The inscription on DR 26 consists of two lines of runic text designated as lines A and B in the younger futhark written in boustrophedon fashion on the granite stone, which is 2.36 meters in height. After each line is a depiction of a hammer, which has been interpreted as being Thor's hammer Mjöllnir. Thor's hammer was used on several memorial runestones in Sweden and Denmark, perhaps as a parallel to or a pagan reaction to the use of the cross by Christians. Other surviving runestones or inscriptions depicting Thor's hammer include runestones U 1161 in Altuna, Sö 86 in Åby, Sö 111 in Stenkvista, Vg 113 in Bjärby, Öl 1 in Karlevi, DR 48 in Skjern, DR 120 in Spentrup, and DR 331 in Gårdstånga. The depiction of the hammers on DR 26 are very similar to the hammer on DR 48. The inscription is classified as being carved in runestone style RAK, which is considered to be the oldest style. This is the classification for runic text bands with straight ends that do not have any attached serpent or beast heads. The stone was noted by Ole Worm as having been discovered around 1638 in a field north of Læborg. A portion of the top of the stone is damaged. A small fragment of the stone was discovered in 1888 and is inserted into the top of the B line of the text.

The runic text states that the stone was raised by a man named Tófi in memory of a woman named Þyrvé, which is normalized as Thyrve and sometimes as Thorvi.
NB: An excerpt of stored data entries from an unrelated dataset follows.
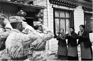高原的冬季漫長(zhǎng)而寒冷,突發(fā)暴雪,官兵主動(dòng)幫助地方清理積雪,保障交通;遇到困難群眾,基層戰(zhàn)士慷慨解囊,堅(jiān)持資助達(dá)數(shù)年之久。官兵們的真誠(chéng)幫助,換來(lái)了駐地群眾的真心擁戴。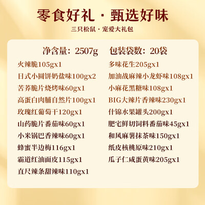 含有多种不同美味零食的大礼包,内含坚果、辣条、罐头等,让你可以品尝到多种美味。样样美味,让人食指大开。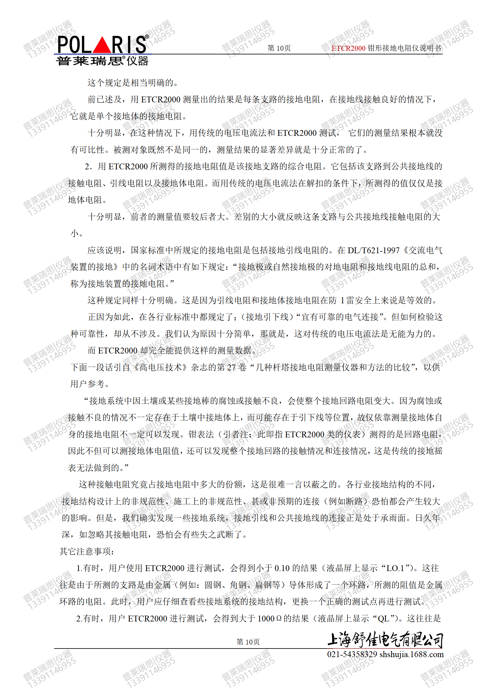国家有关部门对ETCR2000与传统电压电流法对比试验的结果说明,它完全可取代传统的接地电阻测试方法,对接地电阻值给出可信的结果。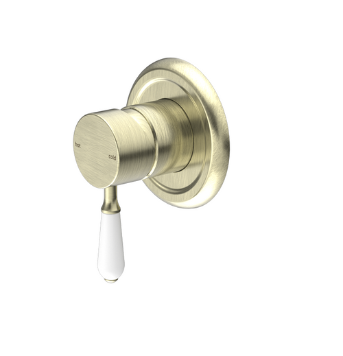 York | Aged Brass Shower Mixer With White Porcelain Lever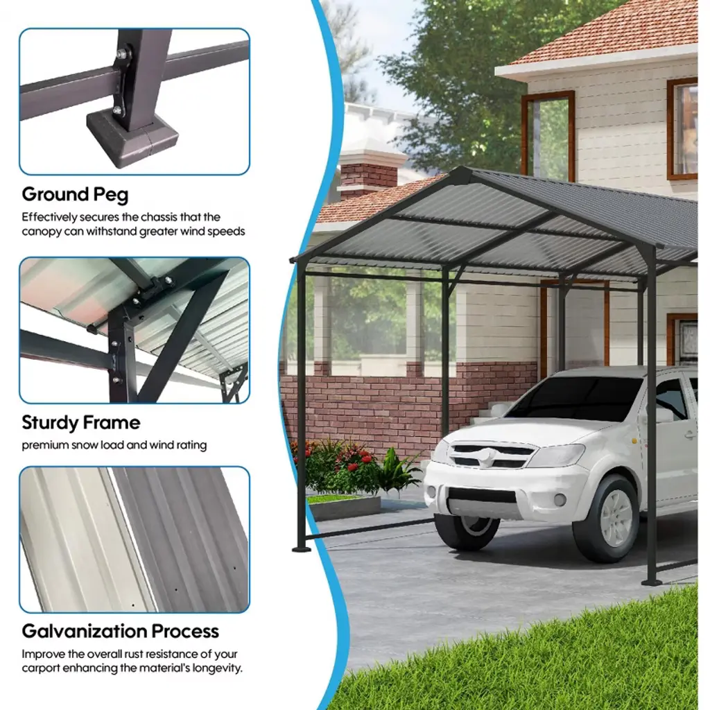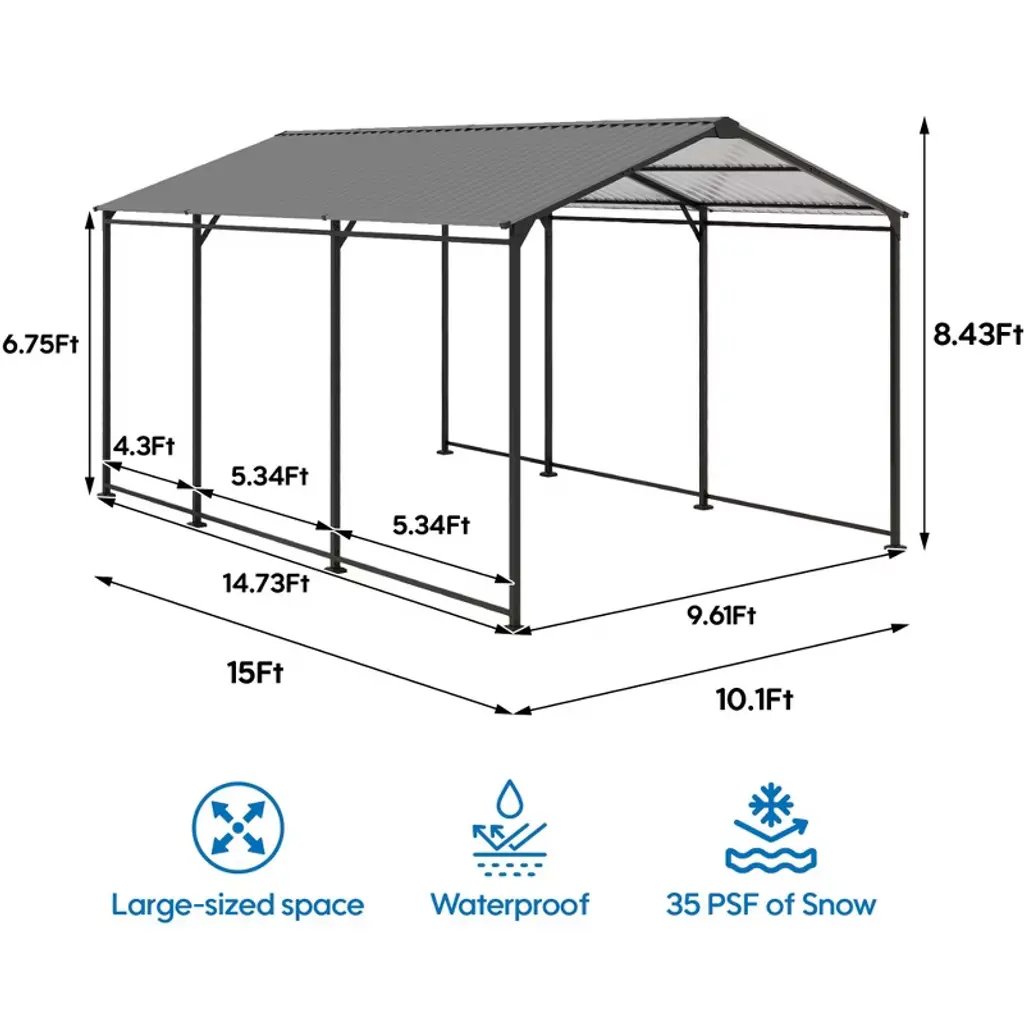 This 10x15 FT heavy-duty metal carport features a galvanized steel frame and corrugated steel roof for superior durability and rust resistance. It provides shelter for vehicles, boats, and trucks, with a wind rating of 100 MPH and snow load capacity of 10 PSF. Ideal for outdoor storage or events, it offers long-lasting protection from the elements.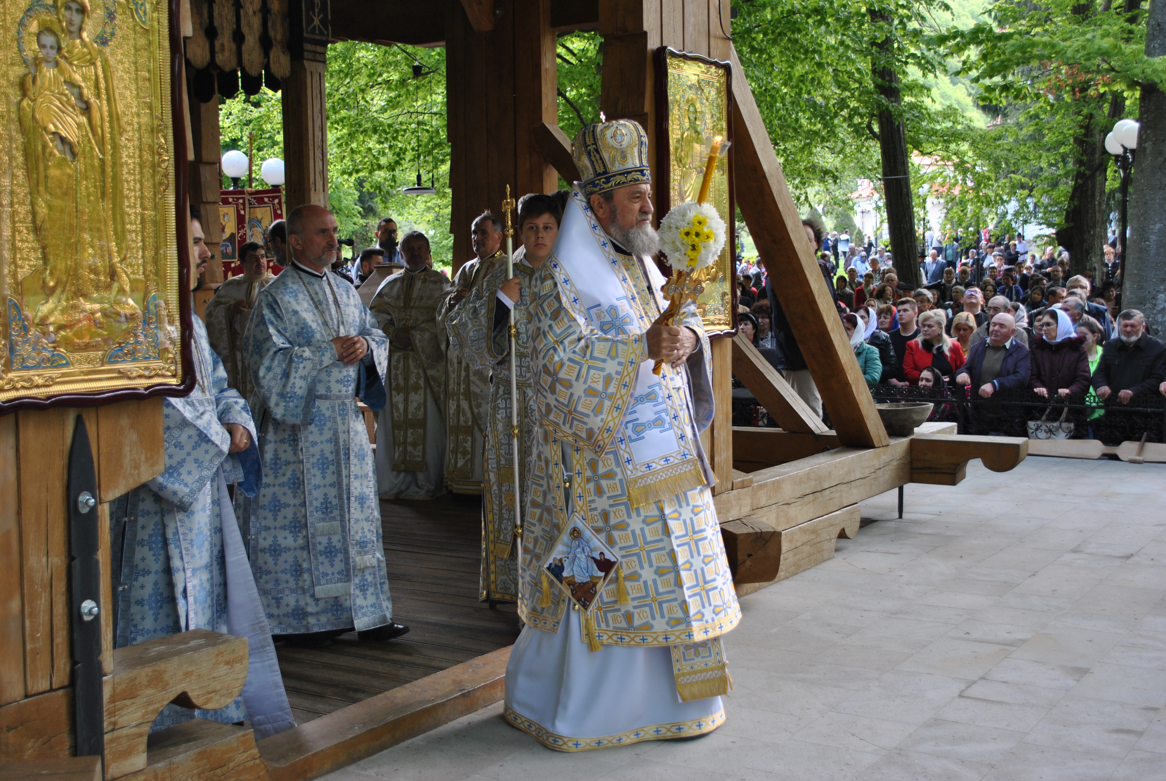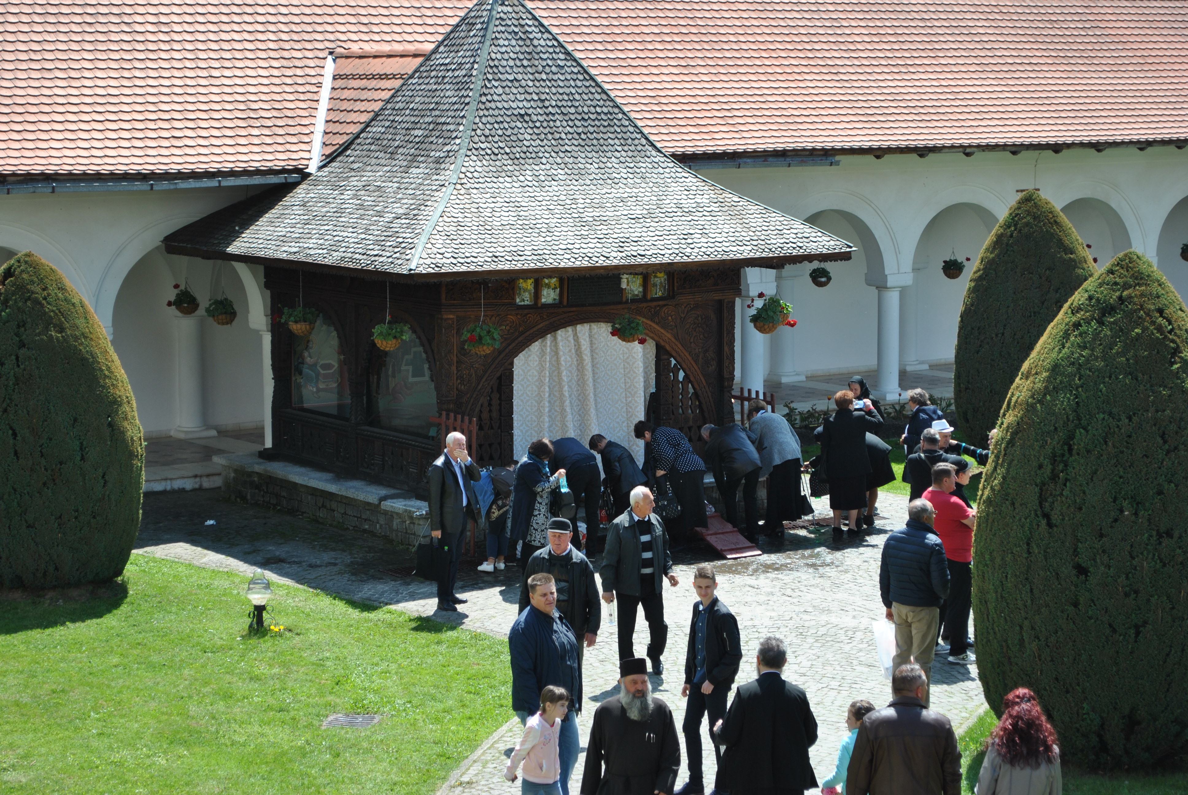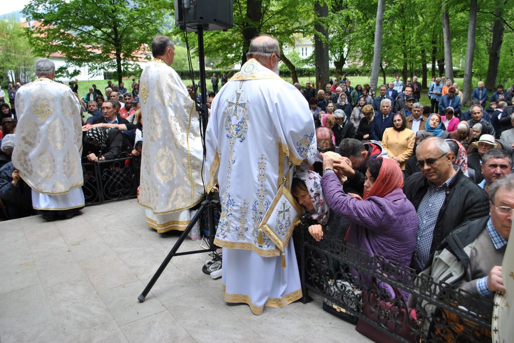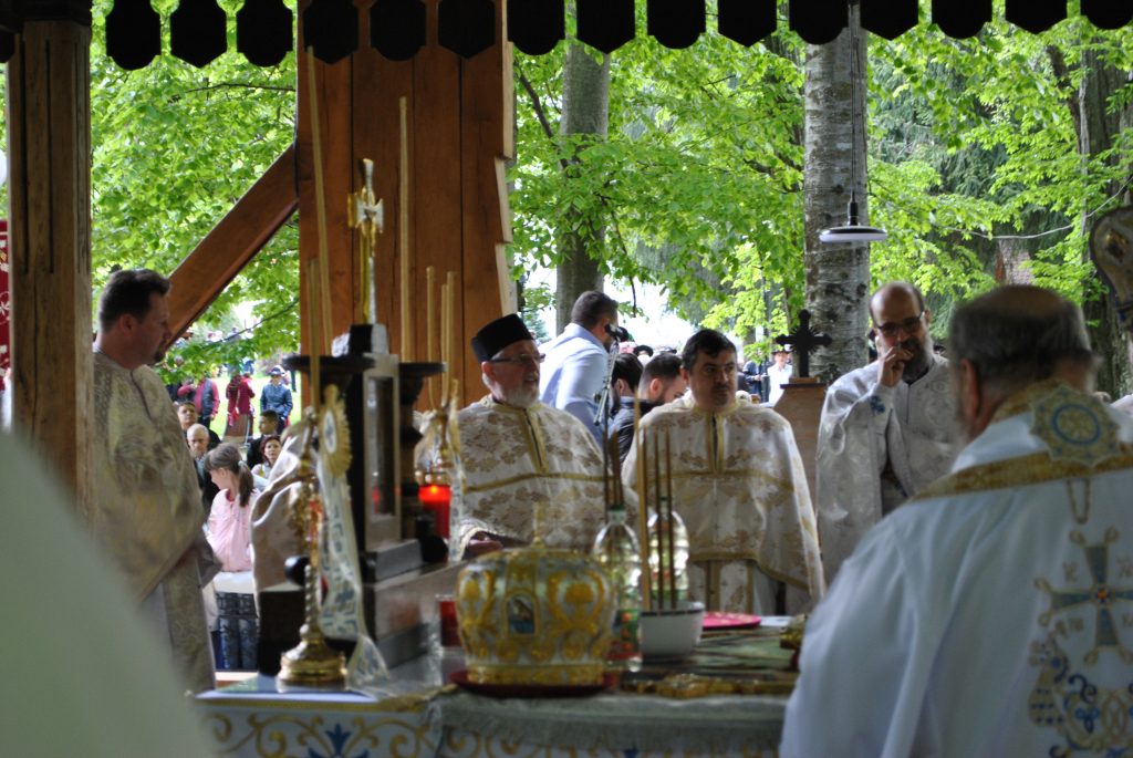În Vinerea din Săptămâna Luminată, 3 mai 2019, parcă toate drumurile duceau spre Mănăstirea Brâncoveanu de la Sâmbăta de Sus unde se prăznuia hramul Izvorul Tămăduirii. Aglomeraţie mare încă de la intrarea în complexul turistic, iar echipaje de poliţişti şi jandarmi încercau să fluidizeze traficul spre mănăstire. Comercianţi de tot felul, cu suveniruri, cu icoane, cu mici, bere, fripturi sau cozonaci, te priveau iscoditor spre portofel, unii chiar invitându-te obsedant să guşti din bunătăţile expuse. Dar cu cât te apropiai de poarta mănăstirii şi treceai de persoanele care îţi cereau milostenie, arătându-ţi handicapurile sau de femeile cerşetoare cu copii în braţe, liniştea se instala treptat. Muntele îţi da, parcă, o siguranţă rece şi plăcută, în timp ce soarele ce îndepărtase norii îţi zâmbea uşor printre copaci. În jurul altarului din pădure, lume multă, iar liniştea pădurii era întreruptă de troparul Învierii. Prin staţiile montate la altar, liturghia răzbătea peste culmile munţilor. Un loc mai minunat precum acesta n-am mai găsit, spuneau unii credincioşi veniţi de departe pentru acest praznic. Oameni din nordul ţării, din judeţele din sud, dar şi din împrejurimile Ţării Făgăraşului s-au aşezat în jurul altarului din pădure cu privirile aţintite spre soborul de preoţi. IPS Laurenţiu Streza, episcopul Ilarion Făgărăşeanul şi alţi zeci de preoţi au oficiat slujba, iar Colara Armonia de la Constanţa a dat replicile. Cei mai vârstnici enoriaşi au reuşit să facă un arc peste timp şi să revadă altarul din pădure atunci când slujbele erau oficiate de stareţul Mănăstirii Brâncoveanu, Arsenie Boca. Era prin anii 1947-1948. Duminică de duminică altarul era înconjurat de mulţime multă dornică să-i asculte vorbele şi poveţele pline de duh. Mitul Părintelui Arsenie Boca dăinuie peste Ţara Făgăraşului şi nu numai. Îmi vine în minte întrebarea: ,,Unde ne sunt marii duhovnici? Îi mai avem?”, gândindu-mă la Părintele Arsenie care slujea mulţimilor din acest loc. Sau la Părintele Teofil Părăianu, un mare duhovnic de la această mănăstire pe care îl căutau oameni din toate colţurile ţării. Cât de greu poate fi să predici după un înaintaş aşa cum a fost Părintele Arsenie Boca! ,,Unde sunt cei ce nu mai sunt” spunea Nichifor Crainic în poezia sa. Îmi doream să fie pomeniţi la slujba de hram, dar nu s-a găsit nimeni să le rostească numele spre aducere aminte. În schimb, lumea ajunsă la acest mare praznic i-a avut în minte şi ne-a vorbit despre ei şi minunile săvârşite de aceşti mari duhovnici ai ţării, Pr. Arsnie Boca, pr. Teofil Părăianu.

Thyrve is described as being his trutnik, a word meaning the wife or descendant of a trutin or "lord," which is transcribed into Old Norse as drotning and often translated as "lady." This same word is also used on DR 134 in Ravnkilde and translated as "lady." Tófi and Thyrve are also associated with Danish runestone DR 29 in Bække, which records that Tófi created a mound in honor of Thyrve, and DR 40 in Randbøl is a stone raised by Tófi in memory of his assistant named Þorgunnr. Thyrve was a common name of the period, and a different woman of that name is recorded on the Danish runestone DR 97 in Ålum. Because DR 26 is dated based upon stylistic and linguistic analysis from 900 to 950 C.E., it may also be possible that the Thyrve of DR 26 might also be the same woman that is recorded on DR 41 and DR 42 in Jelling, which describe a Thyra who is the wife of king Gorm the Old. If these Thyrve are the same woman, then the runestones may be a record of a dispute regarding inheritance between two competing Danish families. However, most scholars believe that it is more likely that DR 26 along with DR 29 refer to a different woman with the same name than the Thyra noted on the Jelling Stones DR 41 and DR 42.

The stone is known locally as the Læborgsten.